Related reports indicateTechnology companies including Apple, NVIDIA, and Anthropic all use a dataset created by the non-profit artificial intelligence research group EleutherAI to train their artificial intelligence models. However, this dataset contains text data from 4 YouTube channels and more than 8000 videos, including videos shot by famous internet celebrities MrBeast and MKBHD (Marques Brownlee), as well as content from the New York Times, BBC, ABC News, etc.
In a previous statement, Google stated that any practice of directly training artificial intelligence models with YouTube video content would violate YouTube's terms of service. Apple, NVIDIA, Anthropic and other industry players have not responded to this.
This situation may become a major controversy in the future development of artificial intelligence technology. Although many companies try to avoid using other people's data to train artificial intelligence models in the event of infringement, they may to some extent circumvent the restrictions of the terms of use by using gray areas.
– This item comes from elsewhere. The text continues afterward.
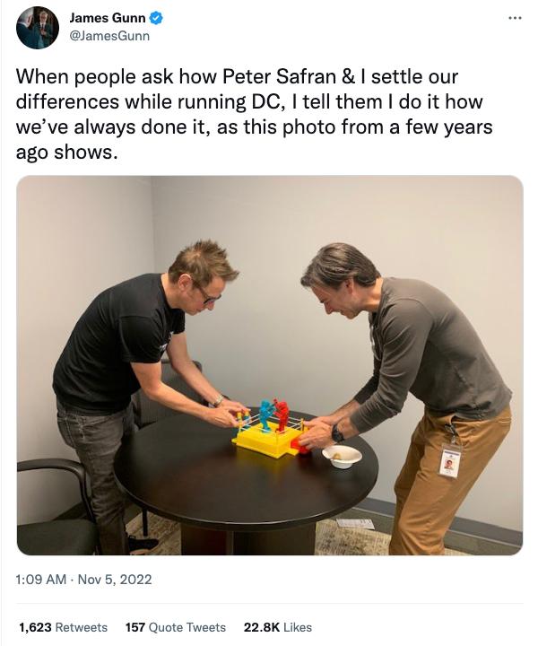 2022年10月底,詹姆斯·古恩与彼特·萨法兰被官宣,将接掌“DC工作室”这一DC影视业务更名后的业务线,除了向华纳影业的联合CEO迈克·德·卢卡和帕姆·阿布迪汇报外,还直接向华纳兄弟探索公司的CEO扎斯拉夫汇报。

In addition to the recent news that tech companies are using data sets constructed by third-party organizations for training, many tech companies are still avoiding discussing the data sources used behind their artificial intelligence models, or have not transparently explained them to the public. For example, many creators have opinions on Apple's upcoming "Apple Intelligence" service because Apple has not clearly explained how the artificial intelligence models behind its services are trained.